▸ **Problem to solve**:
Every line of the listing must be reproduced as it stands. Leave the images behind.

▸ **Recorded information**:
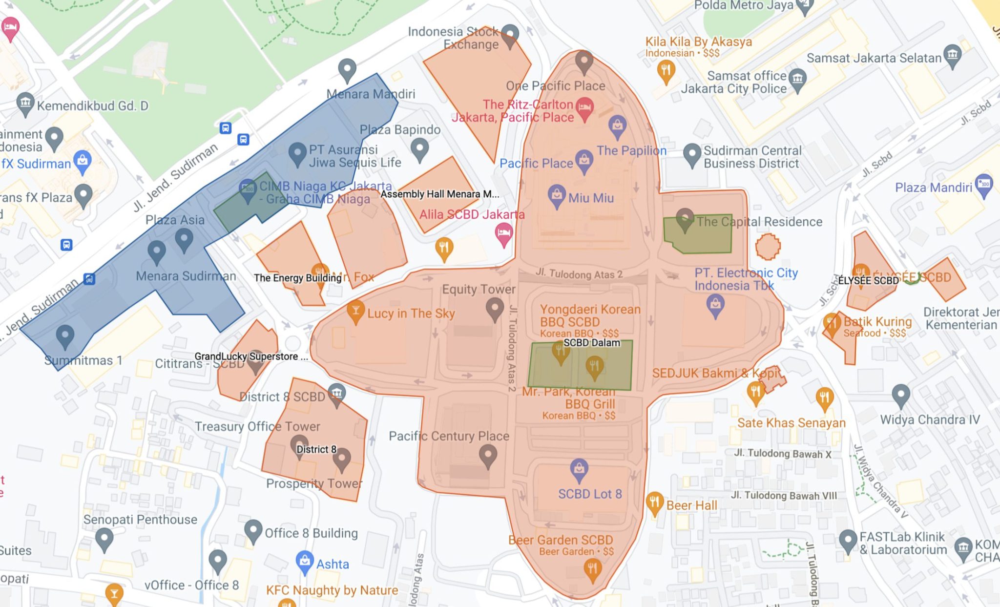 Sementara itu, sesuai namanya, “SCBD dalam” mencakup segala bangunan di bagian dalam kawasan bisnis ini, entah kompleks perkantoran District 8, Bursa Efek Indonesia, Mal Pacific Place, restoran dan bar Beer Garden, ataupun apartemen The Capital Residence.
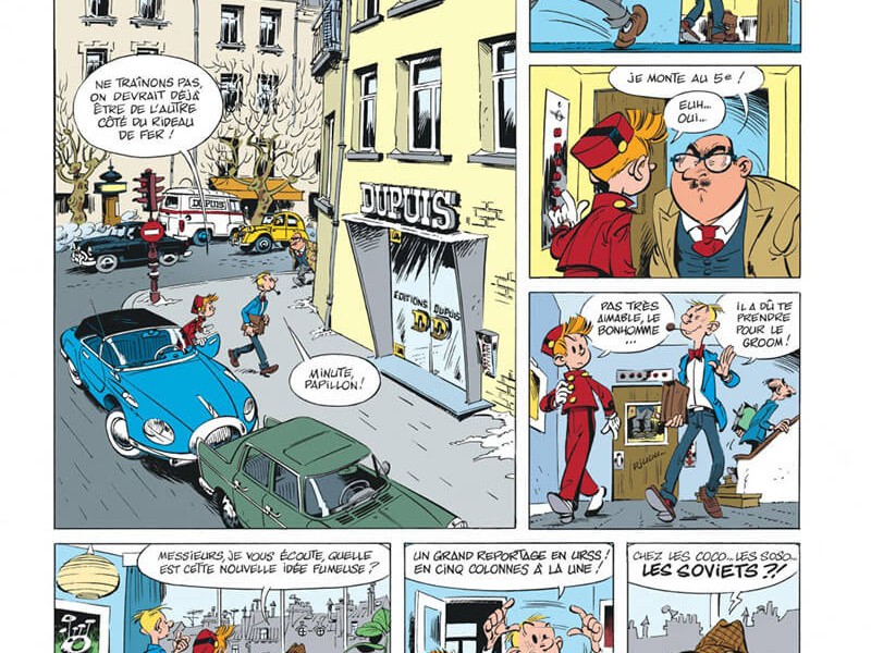 Spirou chez les Soviets est un album spécial. Il est entrecoupé de l'humour spirituel et si reconnaissable qui rend la série si forte. Fred Neidhardt a un sens parfait de l'alchimie entre ses personnages principaux et secondaires. Un album avec des Soviétiques pur jus doit prévoir un certain nombre de clichés. Ici aussi, nous ne sommes pas restés sur notre faim. De plus, l'histoire est surchargée de clins d'œil à la bande dessinée franco-belge. Fabrice Tarrin a déjà dessiné une histoire de Spirou et montre ici encore son talent. Une histoire peut toujours être aussi dynamique, mais si le dessin ne suit pas, cela ne fonctionne pas. N'ayez crainte, le dessin de Tarrin est le meilleur que nous ayons vu ces dernières années avec Spirou. A noter que l'idée de cette bande dessinée est née d'une lettre à l'hebdomadaire Spirou d'un lecteur (Falzar) en 1977 demandant quand un album de Spirou avec les Soviétiques sortirait ... et près de 50 ans plus tard le voici !
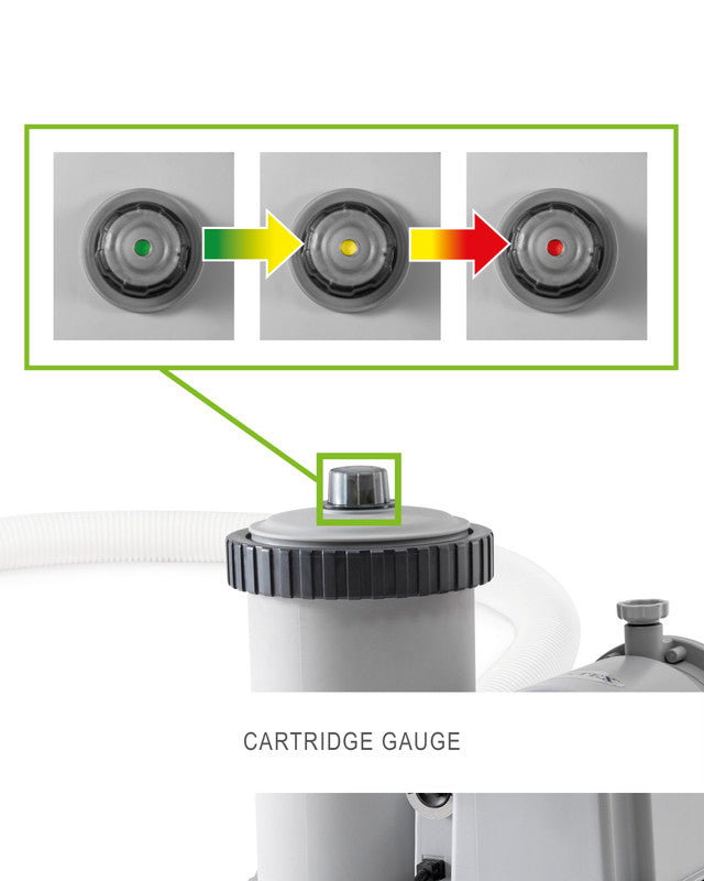 - Water inlet jets for enhanced water flow back into the poolKeep your pool water clean this summer with the Intex� 2,500 GPH Krystal Clear Filter Cartridge Pump! Boasting a pump flow rate of 2,500 gallons (9463litres) per hour and a system flow rate of 1,900 gallons per hour, this pump will circulate and filter the water in your above ground pool to keep water clear and refreshing. Maintenance for this pump is a breeze: simple replace the old cartridge with a new one every 2 weeks. It uses Type "B" Filter Cartridge which should be changed every couple of weeks.- Hydro Aeration� Technology by Intex� - transforming the Above Ground Pool industry, by bringing revolutionary water aeration techniques into your backyard above ground pool.

▸ **Answer area**:
 Sementara itu, sesuai namanya, “SCBD dalam” mencakup segala bangunan di bagian dalam kawasan bisnis ini, entah kompleks perkantoran District 8, Bursa Efek Indonesia, Mal Pacific Place, restoran dan bar Beer Garden, ataupun apartemen The Capital Residence.
 Spirou chez les Soviets est un album spécial. Il est entrecoupé de l'humour spirituel et si reconnaissable qui rend la série si forte. Fred Neidhardt a un sens parfait de l'alchimie entre ses personnages principaux et secondaires. Un album avec des Soviétiques pur jus doit prévoir un certain nombre de clichés. Ici aussi, nous ne sommes pas restés sur notre faim. De plus, l'histoire est surchargée de clins d'œil à la bande dessinée franco-belge. Fabrice Tarrin a déjà dessiné une histoire de Spirou et montre ici encore son talent. Une histoire peut toujours être aussi dynamique, mais si le dessin ne suit pas, cela ne fonctionne pas. N'ayez crainte, le dessin de Tarrin est le meilleur que nous ayons vu ces dernières années avec Spirou. A noter que l'idée de cette bande dessinée est née d'une lettre à l'hebdomadaire Spirou d'un lecteur (Falzar) en 1977 demandant quand un album de Spirou avec les Soviétiques sortirait ... et près de 50 ans plus tard le voici !
 - Water inlet jets for enhanced water flow back into the poolKeep your pool water clean this summer with the Intex� 2,500 GPH Krystal Clear Filter Cartridge Pump! Boasting a pump flow rate of 2,500 gallons (9463litres) per hour and a system flow rate of 1,900 gallons per hour, this pump will circulate and filter the water in your above ground pool to keep water clear and refreshing. Maintenance for this pump is a breeze: simple replace the old cartridge with a new one every 2 weeks. It uses Type "B" Filter Cartridge which should be changed every couple of weeks.- Hydro Aeration� Technology by Intex� - transforming the Above Ground Pool industry, by bringing revolutionary water aeration techniques into your backyard above ground pool.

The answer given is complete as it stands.